Take a look at the following example:
1 import numpy as np;
2 import matplotlib.pyplot as plt;
3
4 x = np.linspace(-2, 2, 300)
5
6 hinge_loss_function = []
7 for i in (1-x):
8 if i > 0:
9 hinge_loss_function.append(i)
10 else:
11 hinge_loss_function.append(0)
12 exponential_loss_function = np.exp(-x)

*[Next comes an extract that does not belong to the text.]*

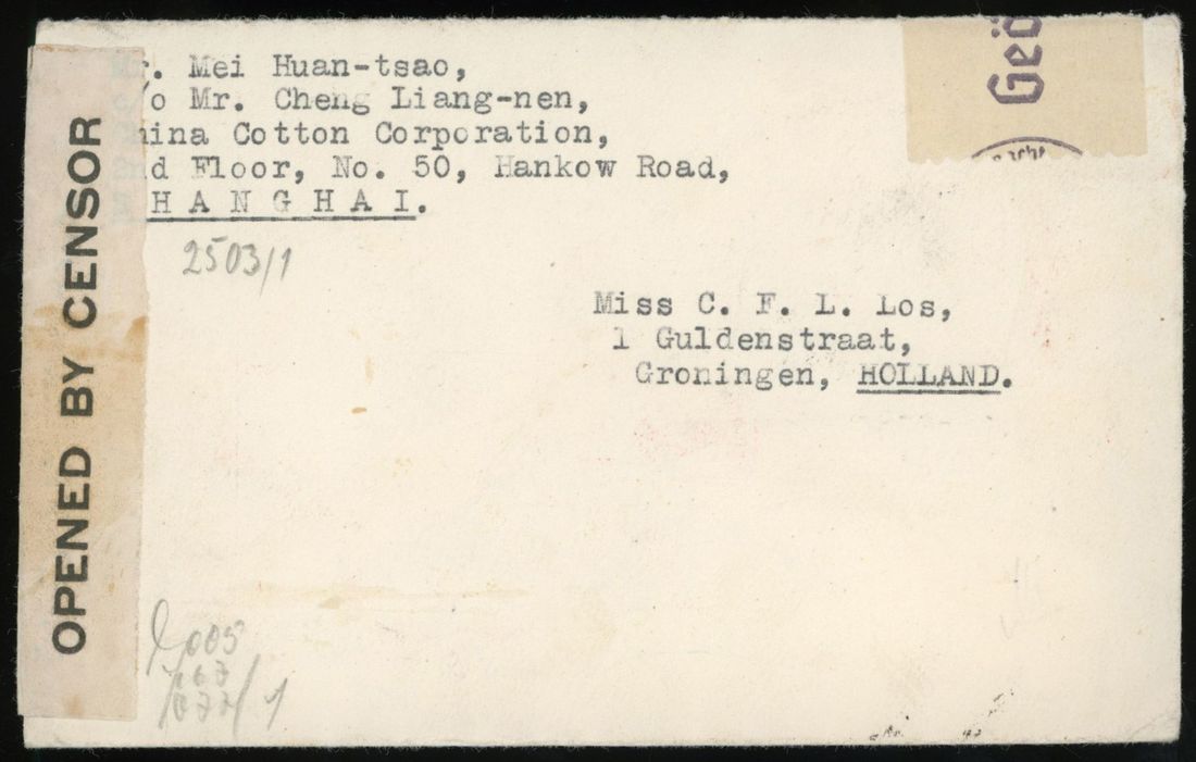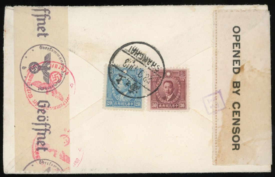 1941 (23 Sep) envelope to Holland bearing 20c and 30c tied by 'Shanghai' c.d.s. routed via Hong Kong with 'Opened by Censor' label tied by box '17' in violet with German censor label.Very attractive censored cover to Holland.

13 logistic_loss_function = np.log(1+np.exp(-x))/np.log(2)
14
15 l0_1_loss_function = []
16 for j in x:
17 if j < 0:
18 l0_1_loss_function.append(1)
19 else:
20 l0_1_loss_function.append(0)
21
22 pingfang_loss_function = (x-1) ** 2
23
24 plt.plot(x, hinge_loss_function, 'r-')
25 plt.plot(x, exponential_loss_function, 'b-')
26 plt.plot(x, logistic_loss_function, 'g-')
27 plt.plot(x, l0_1_loss_function, 'k-')
28 plt.plot(x, pingfang_loss_function, 'c-')
29 plt.legend(['hinge_loss_function', 'exponential_loss_function', 'logistic_loss_function', 'l0_1_loss_function', 'pingfang_loss_function'])
30 plt.show()
Copy the code
The results are as follows:
reference
-
- Github.com/JohnLangfor…
- library_design/losses
- www.cs.cmu.edu/~yandongl/l…
- Math.stackexchange.com/questions/7…
- Statistical learning methods. By Li Hang.